Exercise goal: Every record below is to be retyped exactly, with the pictures left out.

Exercise input:
BEGIN

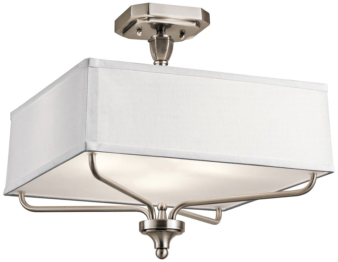 Kichler 15" Wide Nickel and White Etched Glass Ceiling Light
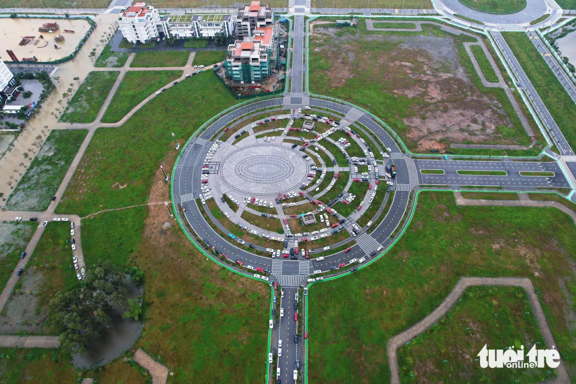 Công viên Khu hành chính tập trung là nơi được người dân phường Vỹ Dạ, An Cựu...ở Huế đưa xe ô tô đến tránh lụt - Ảnh: NHẬT LINH
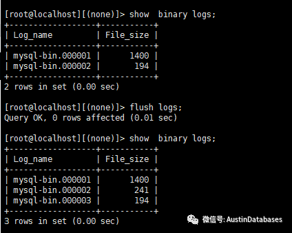 可以看到其中一台机器的BINOG 直到了mysql-bin.000001 而其他的已经 到了 000003 , 怎么办, 只需要将所有的MYSQL 的 binlog 的编号统一就可以解决问题了
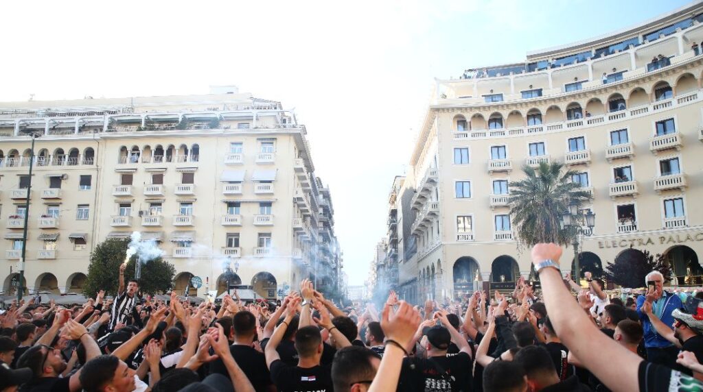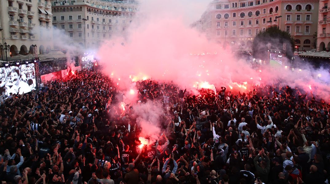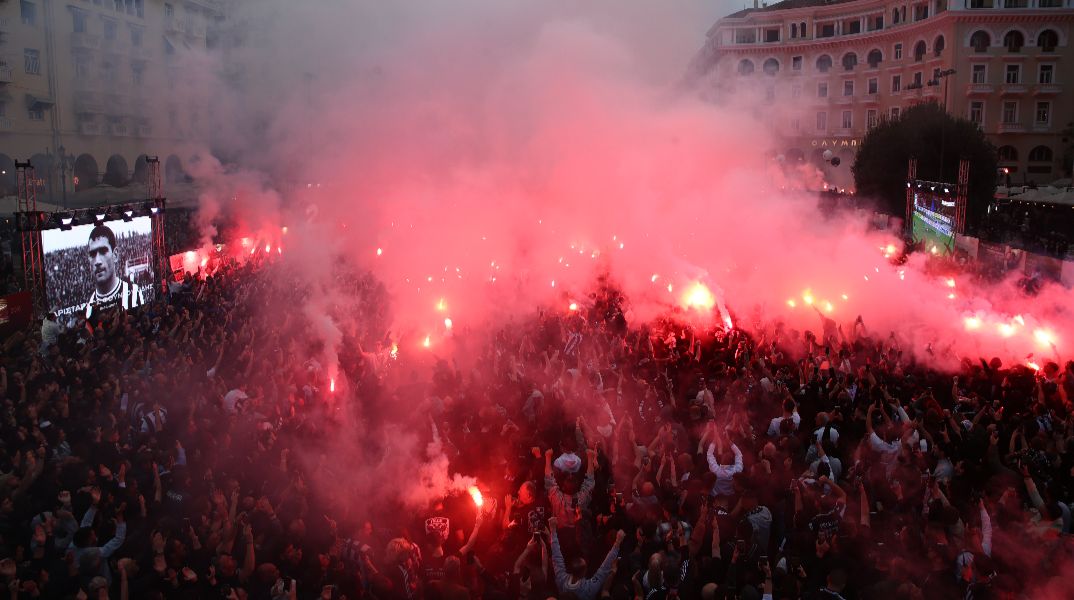Όταν το ρολόι έδειξε 19:26 (χρονολογία ίδρυσης), οι οπαδοί του ΠΑΟΚ έβαλαν… φωτιά στην πλατεία της Θεσσαλονίκης, με τα δεκάδες καπνογόνα και τα πυροτεχνήματα να δημιουργούν μαγική ατμόσφαιρα.
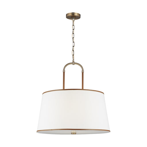 The Katie four-light shade pendant leather straps contrast with metal and white linen fabric shade to round out a timeless design. Available in: Ti...
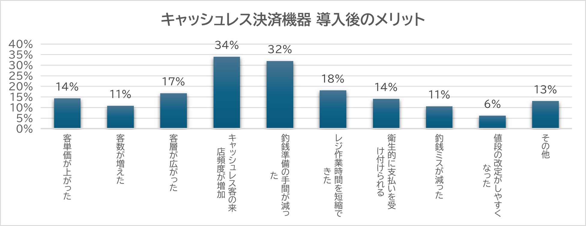 キャッシュレス決済導入後のメリットとしては、増客・売上効果(キャッシュレス客の来店頻度増加(34%)、客層の拡大(17%)、客単価が上がった(14%)、客数が増えた(11%))と、店舗効率化(釣銭準備の手間削減(32%)、レジ作業時間の短縮(18%)、釣銭ミスの減少(11%))に、回答が集中しました。
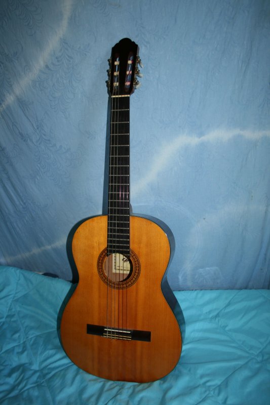 KEINE RISSE, GEBRAUCHSSPUREN-KRATZER ALLES GUT VERARBEITETE HÖLZER VOLL BESPIELBAR,GUTER KLANG,VOLL WARM AUSGEGLICHEN GESAMTLÄNGE 102,0 CM,MENSUR 65,0 CM,GRIFFBRETTBREITE 1.BUND 5,2 CM VERSICHERTER VERSAND 10,00 EURO,EU-WEIT 27,00 EURO
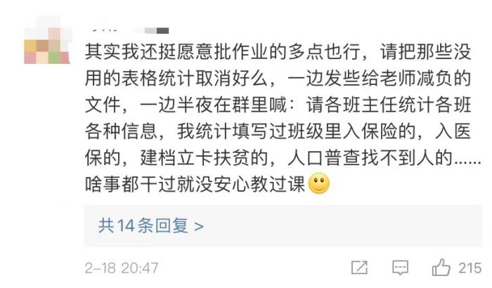 从网友评论可以看出,一些琐碎的行政工作令老师们身心俱疲,让教师回到本职工作,不止是家长们的呼声,也是老师们的期盼。
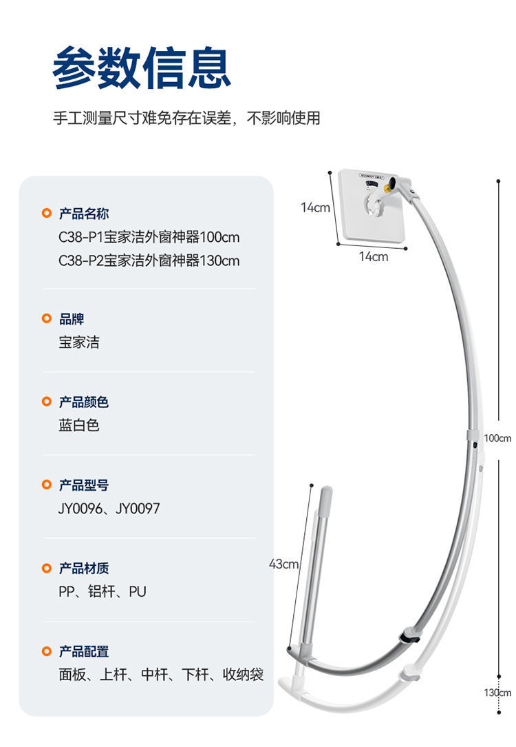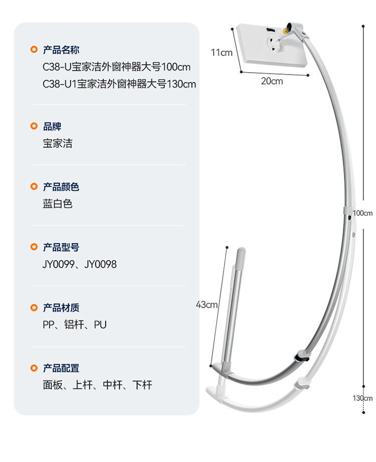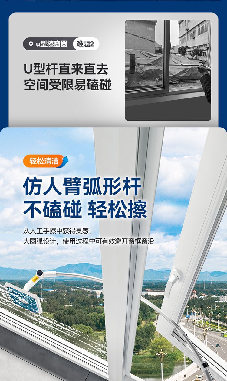 宝家洁擦玻璃神器窗外清洁手持外窗家用高层高楼弧形仿人臂擦窗器
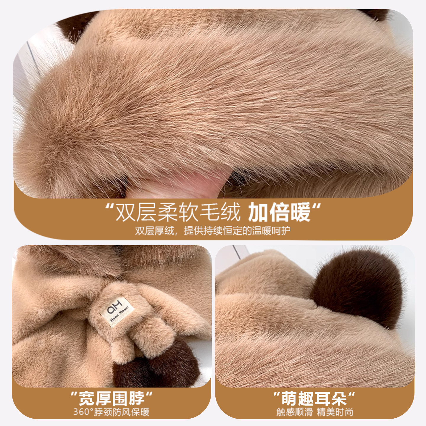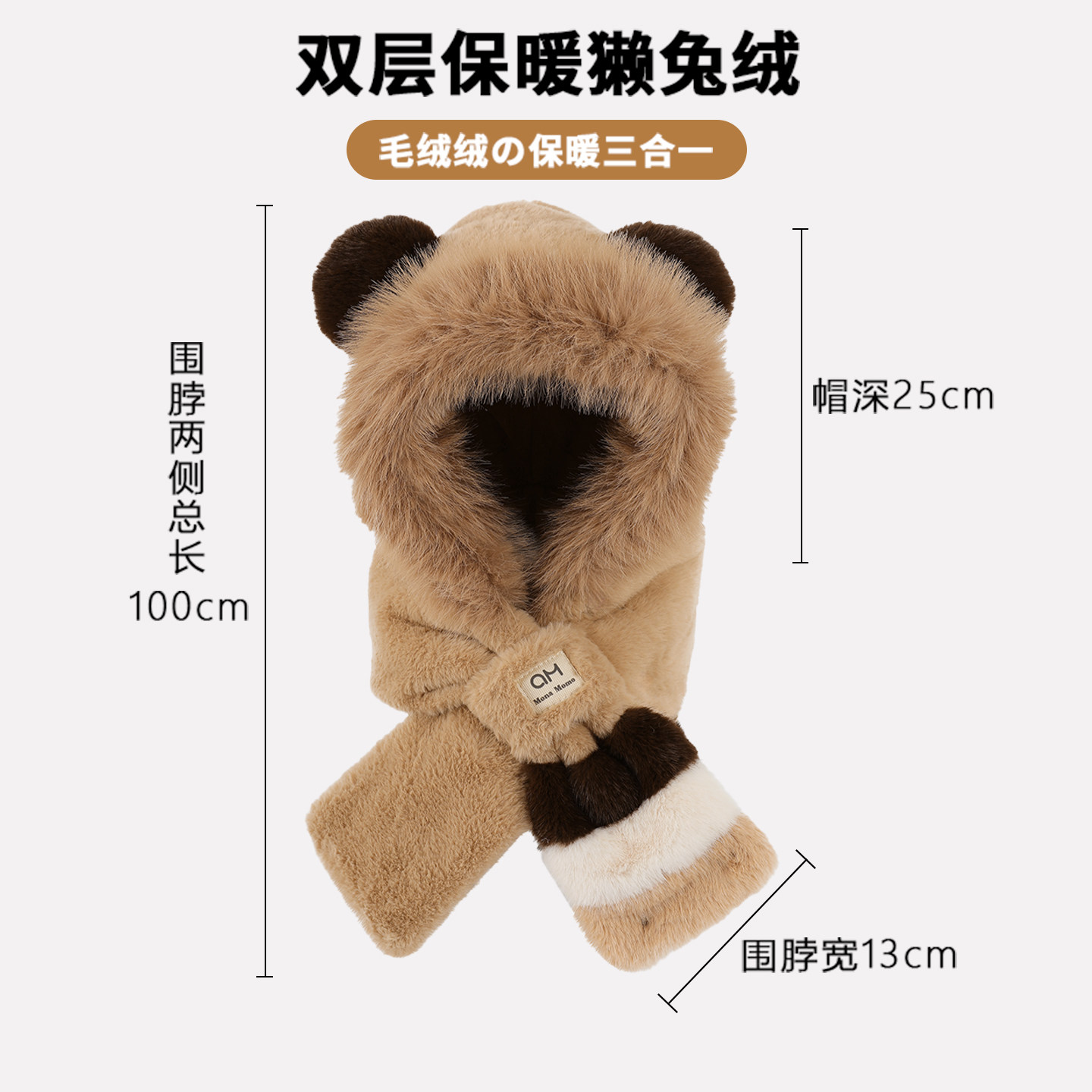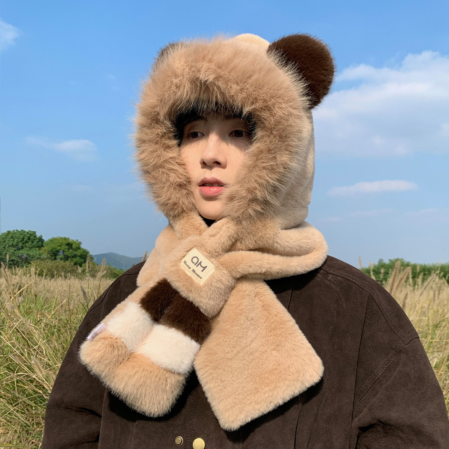 📚 小熊毛绒帽子围巾一体男毛茸茸冬天保暖连帽围脖护耳骑车防寒头套
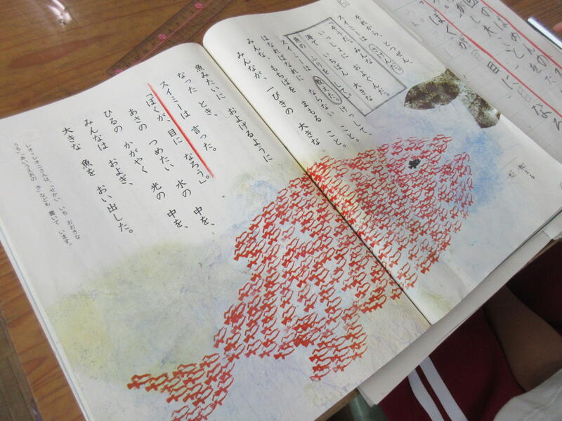 2-2は国語の時間「スイミー」。本作品は長い間親しまれ、教科書に掲載されていることが多いので、保護者の皆さんも2年生の頃学習したことと思います。
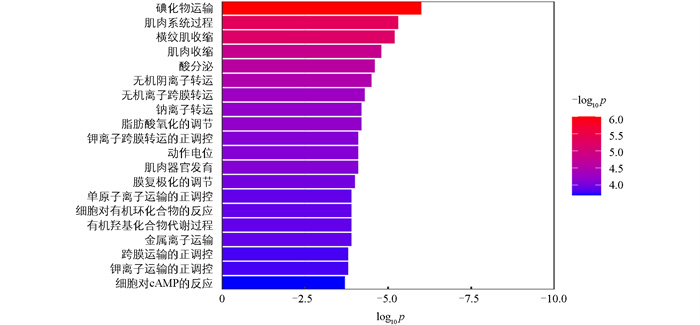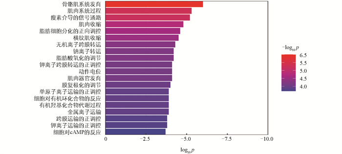 • 利用edgeR软件包进行mRNA筛选,以|log2FC|>0.75、FDR<0.05为显著表达差异条件。结果表明高、低IMF组之间共有83个差异显著mRNA,相对于高IMF组,低IMF组中有56个mRNA显著上调,27个mRNA显著下调(图 2),主要涉及的相关基因有MYH3MYH13PDK4MSTNFABP3等(图 3)。对差异表达基因进行GO条目分析发现,共有111个条目显著富集(p<0.05),主要参与肌肉系统过程、脂肪酸氧化调控、肌肉器官发育等生物学过程(图 4)。这些显著富集的GO条目中,14个与肌肉和脂肪相关,主要参与肌肉发育、脂肪酸氧化、脂肪酸代谢、葡萄糖代谢、脂质转运等过程(图 5)。KEGG功能富集分析结果表明,这些差异基因显著富集的信号通路有4个,即:甲状旁腺激素的合成、分泌和作用,胃酸分泌,糖尿病性心肌病以及胰液的分泌。
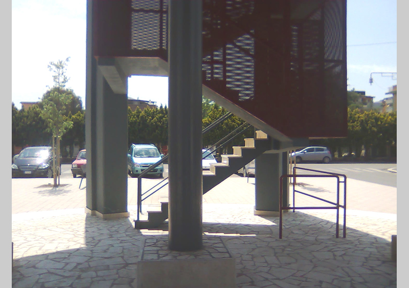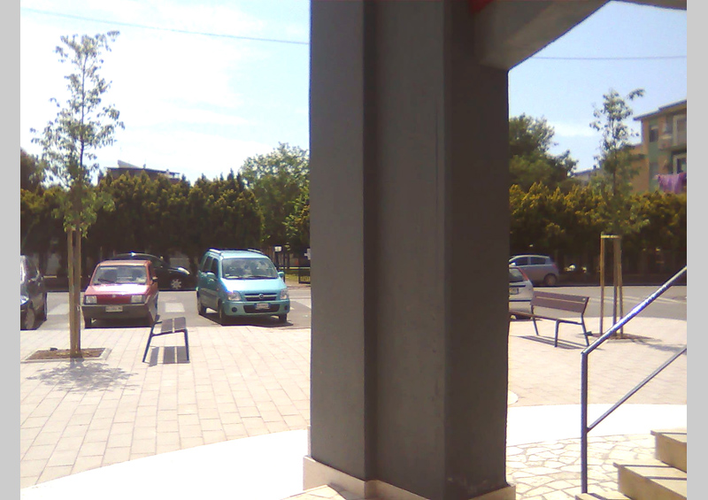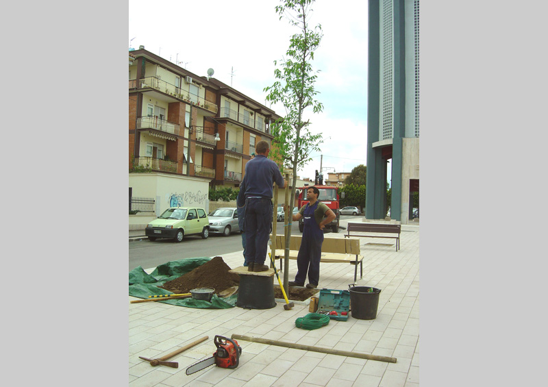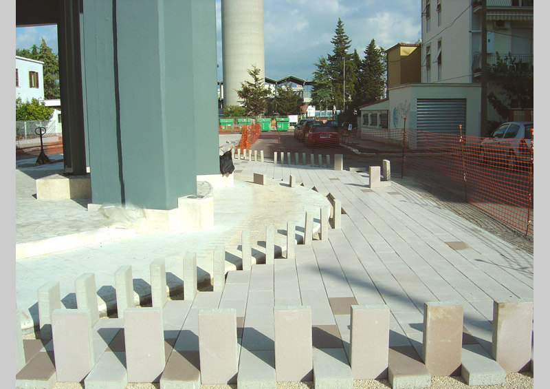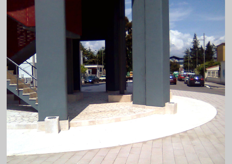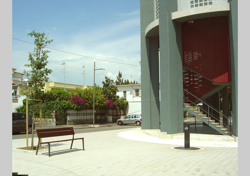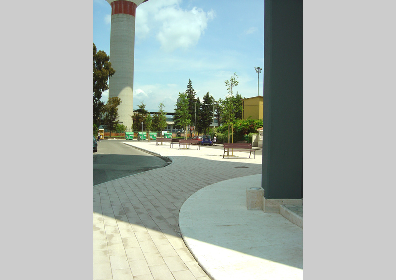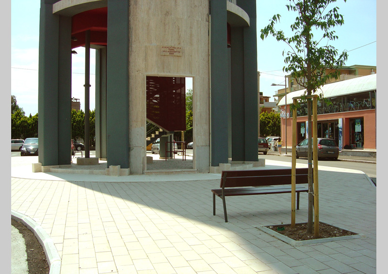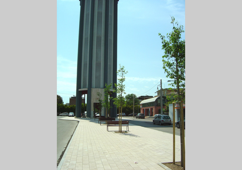 The pedestrian area with bollards made of ballast opens around the tower into a lager space in front of the school. It measures approximately 600 square metres and is decorated with four examples of Celtis australis in the first area and the second consists of a small square facing the school. The entire space is illuminated by eight street lamps positioned on the pavements on both sides of the square.

END

Answer space:
 Kichler 15" Wide Nickel and White Etched Glass Ceiling Light
 Công viên Khu hành chính tập trung là nơi được người dân phường Vỹ Dạ, An Cựu...ở Huế đưa xe ô tô đến tránh lụt - Ảnh: NHẬT LINH
 可以看到其中一台机器的BINOG 直到了mysql-bin.000001 而其他的已经 到了 000003 , 怎么办, 只需要将所有的MYSQL 的 binlog 的编号统一就可以解决问题了
Όταν το ρολόι έδειξε 19:26 (χρονολογία ίδρυσης), οι οπαδοί του ΠΑΟΚ έβαλαν… φωτιά στην πλατεία της Θεσσαλονίκης, με τα δεκάδες καπνογόνα και τα πυροτεχνήματα να δημιουργούν μαγική ατμόσφαιρα.
 The Katie four-light shade pendant leather straps contrast with metal and white linen fabric shade to round out a timeless design. Available in: Ti...
 キャッシュレス決済導入後のメリットとしては、増客・売上効果(キャッシュレス客の来店頻度増加(34%)、客層の拡大(17%)、客単価が上がった(14%)、客数が増えた(11%))と、店舗効率化(釣銭準備の手間削減(32%)、レジ作業時間の短縮(18%)、釣銭ミスの減少(11%))に、回答が集中しました。
 KEINE RISSE, GEBRAUCHSSPUREN-KRATZER ALLES GUT VERARBEITETE HÖLZER VOLL BESPIELBAR,GUTER KLANG,VOLL WARM AUSGEGLICHEN GESAMTLÄNGE 102,0 CM,MENSUR 65,0 CM,GRIFFBRETTBREITE 1.BUND 5,2 CM VERSICHERTER VERSAND 10,00 EURO,EU-WEIT 27,00 EURO
 从网友评论可以看出,一些琐碎的行政工作令老师们身心俱疲,让教师回到本职工作,不止是家长们的呼声,也是老师们的期盼。
 宝家洁擦玻璃神器窗外清洁手持外窗家用高层高楼弧形仿人臂擦窗器
 📚 小熊毛绒帽子围巾一体男毛茸茸冬天保暖连帽围脖护耳骑车防寒头套
 2-2は国語の時間「スイミー」。本作品は長い間親しまれ、教科書に掲載されていることが多いので、保護者の皆さんも2年生の頃学習したことと思います。
 • 利用edgeR软件包进行mRNA筛选,以|log2FC|>0.75、FDR<0.05为显著表达差异条件。结果表明高、低IMF组之间共有83个差异显著mRNA,相对于高IMF组,低IMF组中有56个mRNA显著上调,27个mRNA显著下调(图 2),主要涉及的相关基因有MYH3MYH13PDK4MSTNFABP3等(图 3)。对差异表达基因进行GO条目分析发现,共有111个条目显著富集(p<0.05),主要参与肌肉系统过程、脂肪酸氧化调控、肌肉器官发育等生物学过程(图 4)。这些显著富集的GO条目中,14个与肌肉和脂肪相关,主要参与肌肉发育、脂肪酸氧化、脂肪酸代谢、葡萄糖代谢、脂质转运等过程(图 5)。KEGG功能富集分析结果表明,这些差异基因显著富集的信号通路有4个,即:甲状旁腺激素的合成、分泌和作用,胃酸分泌,糖尿病性心肌病以及胰液的分泌。
 The pedestrian area with bollards made of ballast opens around the tower into a lager space in front of the school. It measures approximately 600 square metres and is decorated with four examples of Celtis australis in the first area and the second consists of a small square facing the school. The entire space is illuminated by eight street lamps positioned on the pavements on both sides of the square.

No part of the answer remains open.